§ **Task brief**
Copy exactly the lines of the records below, starting at the line that contains "まちかど運動教室の様子" and continuing through the last line, both included; omit any pictures.

--

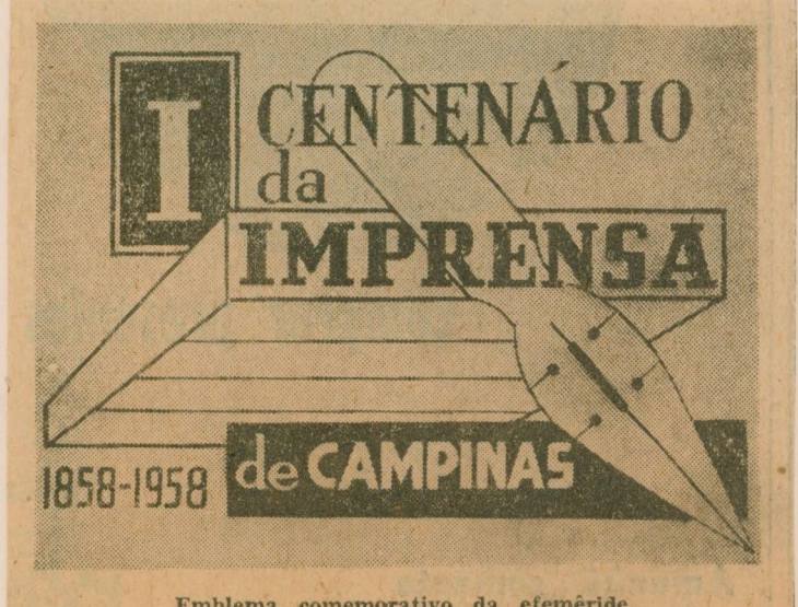
Emblema comemorativo da efeméride

Aos jornais do Brasil as nossas sinceras homenagens. Aos companheiros de luta, soldados do mesmo ideal, o nosso apertado abraço — que mandamos, de trincheira a trincheira, de Norte a Sul de nossa estremeçada Pátria: — a todos levando esta mensagem fraterna e afetiva."
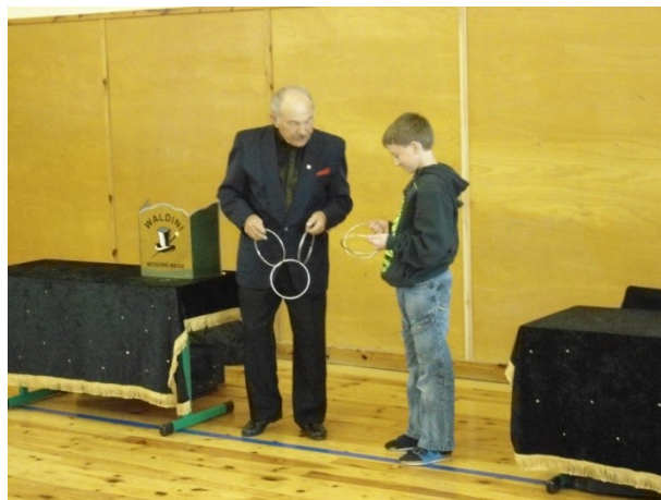
Kouzelník a jeho pomocník
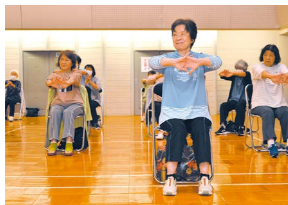
まちかど運動教室の様子

LINEで参加履歴の記録や開催情報の受け取りができるようになります。より気軽に参加できるようになります。
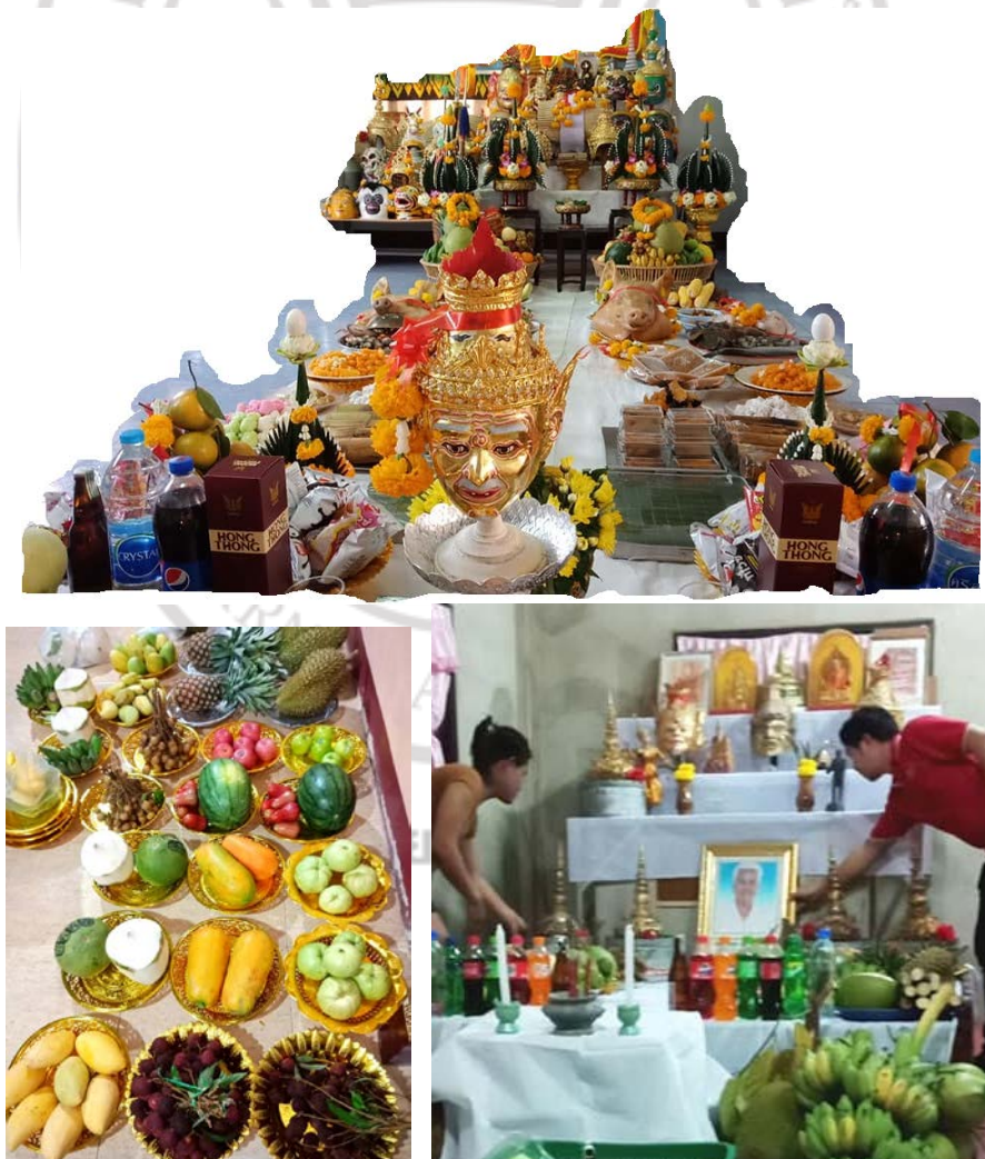
ภาพที่ 4.31 เครื่องสักการะบูชาสิ่งศักดิ์สิทธิ์ในพิธีกรรมไหว้ครุละครเท่งตุ๊ก

เครื่องสักการะสังเวช และเครื่องกระยาบวช จึงเป็นความหมายที่แสดงออกถึงการจัดเลี้ยงต้อนรับครูอาจารย์ แสดงออกถึงความบริบูรณ์ทั้งเครื่องอุปโภค และบริโภค มีกินมีใช้ไม่อดอยาก ไม่ลำบาก ไม่จน ดังนั้น การจัดสิ่งของเครื่องสักการะสังเวช และเครื่องกระยาบวชจำเป็นต้องจัดสิ่งของที่มีชื่อเรียกที่เป็นมงคล เกี่ยวข้องกับเรื่องเงิน ๆ ทอง ๆ ความมั่นคงในชีวิตความเป็นอยู่โดยมีฐานะที่ดี ดังภาพที่ 4.31
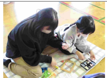
11月20日(木) 3年生親子フォトフレーム作り5, 6時間目 参加者58名 学校体育館

親子でじゃんけん列車を楽しみました。親子で手をつないで、体育館を回りました。最後に記念写真を撮りました。
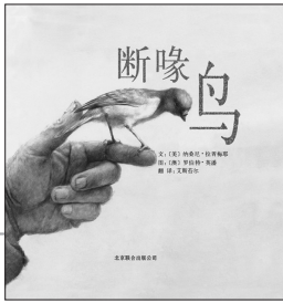
《断喙鸟》[美]纳桑尼·拉胥梅耶文[澳]罗伯特·英潘图艾斯苔尔译/北京联合出版公司2012年10月版/29.80元

“看罗伯特作品，总是让人感到平实亲切，优美中带着文雅；将个人的特质与理念，与绘画、文字作品充分结合，呈现在童书里并
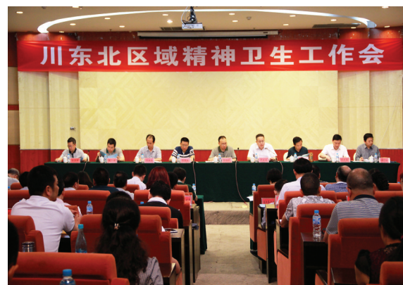
举办川东北地区首次精神卫生工作推进会
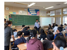
SDGs de 地方創生カードゲーム（恩納小学校）
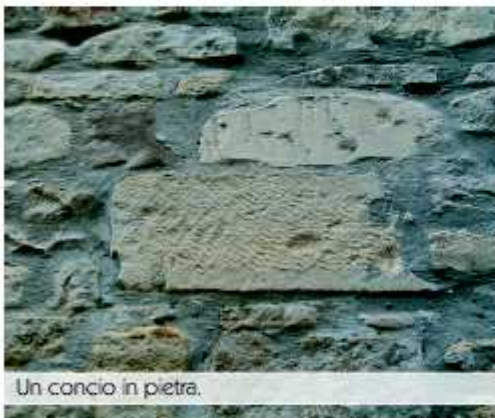
Un concio in pietra.

Proprio nei pressi della chiesa si trova uno dei portali più caratteristici dell'intero borgo (il portale della chiesa risale al primo trentennio del '900): si tratta del portale del Palazzo Michelangeli o Palazzo del Podestà . I due leoni in pietra che vegliano i tre sobri gradini e il prezioso portale sono posti a guardia del retrostante grande palazzo che fu sede del podestà cittadino quando Reforzate era castello indipendente non ancora aggregato a Sant'Ippolito .
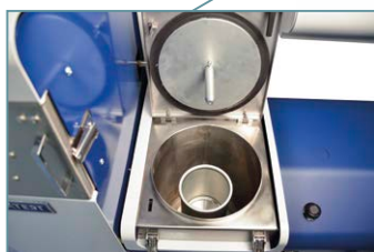
Centrifuga ad alta velocità. La finestra di ispezione sul coperchio è usata per monitorare il colore del solvente durante l'estrazione.
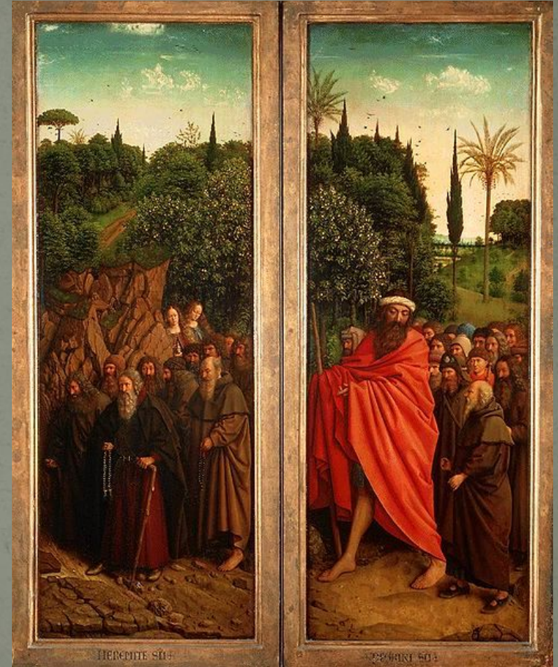
Щестье отшельников и лихорадка

--

§ **Response for this exercise**
まちかど運動教室の様子

LINEで参加履歴の記録や開催情報の受け取りができるようになります。より気軽に参加できるようになります。
ภาพที่ 4.31 เครื่องสักการะบูชาสิ่งศักดิ์สิทธิ์ในพิธีกรรมไหว้ครุละครเท่งตุ๊ก

เครื่องสักการะสังเวช และเครื่องกระยาบวช จึงเป็นความหมายที่แสดงออกถึงการจัดเลี้ยงต้อนรับครูอาจารย์ แสดงออกถึงความบริบูรณ์ทั้งเครื่องอุปโภค และบริโภค มีกินมีใช้ไม่อดอยาก ไม่ลำบาก ไม่จน ดังนั้น การจัดสิ่งของเครื่องสักการะสังเวช และเครื่องกระยาบวชจำเป็นต้องจัดสิ่งของที่มีชื่อเรียกที่เป็นมงคล เกี่ยวข้องกับเรื่องเงิน ๆ ทอง ๆ ความมั่นคงในชีวิตความเป็นอยู่โดยมีฐานะที่ดี ดังภาพที่ 4.31
11月20日(木) 3年生親子フォトフレーム作り5, 6時間目 参加者58名 学校体育館

親子でじゃんけん列車を楽しみました。親子で手をつないで、体育館を回りました。最後に記念写真を撮りました。
《断喙鸟》[美]纳桑尼·拉胥梅耶文[澳]罗伯特·英潘图艾斯苔尔译/北京联合出版公司2012年10月版/29.80元

“看罗伯特作品，总是让人感到平实亲切，优美中带着文雅；将个人的特质与理念，与绘画、文字作品充分结合，呈现在童书里并
举办川东北地区首次精神卫生工作推进会
SDGs de 地方創生カードゲーム（恩納小学校）
Un concio in pietra.

Proprio nei pressi della chiesa si trova uno dei portali più caratteristici dell'intero borgo (il portale della chiesa risale al primo trentennio del '900): si tratta del portale del Palazzo Michelangeli o Palazzo del Podestà . I due leoni in pietra che vegliano i tre sobri gradini e il prezioso portale sono posti a guardia del retrostante grande palazzo che fu sede del podestà cittadino quando Reforzate era castello indipendente non ancora aggregato a Sant'Ippolito .
Centrifuga ad alta velocità. La finestra di ispezione sul coperchio è usata per monitorare il colore del solvente durante l'estrazione.
Щестье отшельников и лихорадка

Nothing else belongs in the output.